═══ Source material ═══

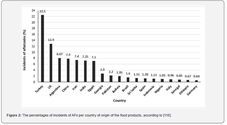 [32] conducted a comprehensive analysis of risk assessments of aflatoxins published between 2016 and 2022. Based on the EU’s Rapid Alert System for Food and Feed (RASFF) data, they came to the conclusion that grains and their products represent the fourth most significant food category contaminated by AFs (3%) from these notifications. Corn and rice have been found to be the main sources of dietary intake from grains for individuals with AF at 2.19% and 0.71%, respectively. It comes in seventh and tenth rank per food category. In this regard, [33] reported that AFs are present in 60–80% of the world’s grain harvests. As well, for RASFF data, 2812 AFs notifications were found in different countries issued within the same period (January 2016 and March 2022), as shown in (Figure 2).
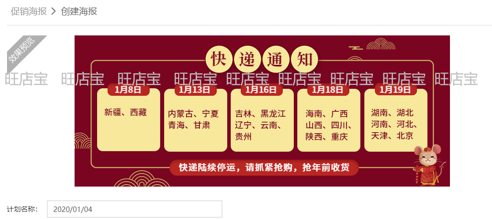 春节期间,很多物流公司或者减少运量,或者停运,首先要提前留意物流公司发出的通知,并制作春节发货海报在首页和详情页最为明显位置(旺旺的快捷回复也设置好关于快递问题的回复),说明什么时间只能发什么地方的快递,什么时间之后停止发件。这样不仅可以让买家了解停发货时间,及时进行购物,也可避免后续因发货问题而带来的售后问题,更能避免一些职业骗子利用淘宝规则进行诈骗行为。
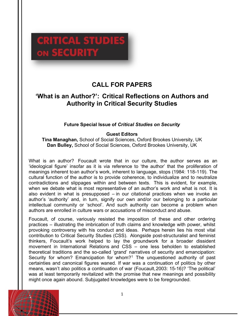 CFP: ‘Whatis anAuthor?’:Critical Reflections on Authors and Authority in Critical Security Studies
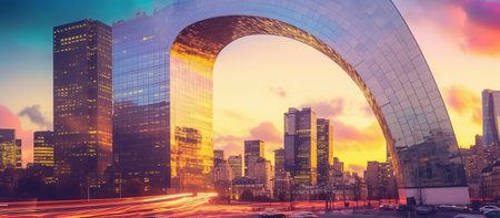 Paris, France - September 12, 2022 Cityscape and architecture of La Defense, a business district located in Greater Paris, skyscrapers surround the famous arch in the center of the esplanade

═══

Task >>
Return the whole listing, word for word, and leave out every picture.

Reply to the task >>
 [32] conducted a comprehensive analysis of risk assessments of aflatoxins published between 2016 and 2022. Based on the EU’s Rapid Alert System for Food and Feed (RASFF) data, they came to the conclusion that grains and their products represent the fourth most significant food category contaminated by AFs (3%) from these notifications. Corn and rice have been found to be the main sources of dietary intake from grains for individuals with AF at 2.19% and 0.71%, respectively. It comes in seventh and tenth rank per food category. In this regard, [33] reported that AFs are present in 60–80% of the world’s grain harvests. As well, for RASFF data, 2812 AFs notifications were found in different countries issued within the same period (January 2016 and March 2022), as shown in (Figure 2).
 春节期间,很多物流公司或者减少运量,或者停运,首先要提前留意物流公司发出的通知,并制作春节发货海报在首页和详情页最为明显位置(旺旺的快捷回复也设置好关于快递问题的回复),说明什么时间只能发什么地方的快递,什么时间之后停止发件。这样不仅可以让买家了解停发货时间,及时进行购物,也可避免后续因发货问题而带来的售后问题,更能避免一些职业骗子利用淘宝规则进行诈骗行为。
 CFP: ‘Whatis anAuthor?’:Critical Reflections on Authors and Authority in Critical Security Studies
 Paris, France - September 12, 2022 Cityscape and architecture of La Defense, a business district located in Greater Paris, skyscrapers surround the famous arch in the center of the esplanade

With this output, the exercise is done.